Volume 45, Issue 2: March/April 2011
Our cover story, “No Running Water” by Helen Fallding, former reporter at the Winnipeg Free Press and new manager of the University of Manitoba’s Centre for Human Rights Research Initiative, exposes the horrendous situation on northern reserves where Canadian citizens have no running water in their homes, putting them at increased risk for a host of health problems usually associated with the world’s poorest countries.
BC journalists Dawn Paley and Sandra Cuffe share the results of their investigation into the resistance that is growing against the proposed Enbridge Northern Gateway pipeline that would transport tar sands oil across the territories of 30 First Nations crossing hundreds of rivers and streams through to the northern coast of BC to be shipped onto oil supertankers across the Pacific Ocean.
Zoe Blunt and Chris Johnson explore the ideas of the controversial writer and ecological activist Derrick Jensen. Jensen dismisses the mainstream environmental movement that takes the continued existence of industrial capitalism as a given and looks to market incentives to alter business behaviour, to silver bullet new technologies and to changing personal consumption patterns.

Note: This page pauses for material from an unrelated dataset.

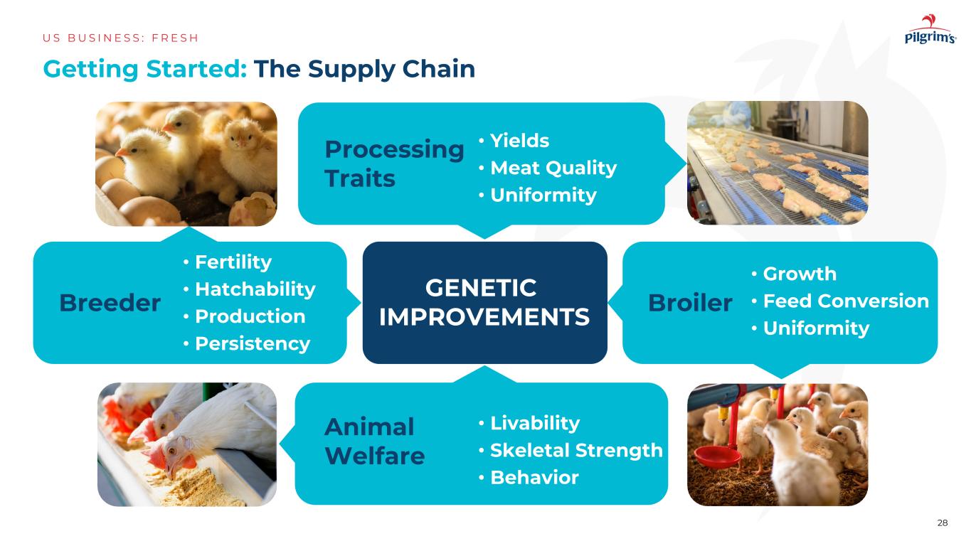 入门:供应链US B U S I N E S S:F R E S H28基因改良肉鸡加工性状•生长•饲料转换•均匀•产量•肉质•均匀动物福利•宜居性•骨骼强度•行为饲养员•生育能力•孵化性•生产•持久性

Environmental philosopher Gregory Mikkelson argues that there is a strong connection between rapidly growing loss of biodiversity and growing income inequality. And Canadian Dimension collective members provide a short but handy and insightful guide to both false solutions to the climate crisis and to roads for renewal.
Dimension also invites some of David Noble’s students to write a few words in memory of this CD friend and frequent contributor. The much beloved professor at York University on December 27, 2010. He was only 65 years old.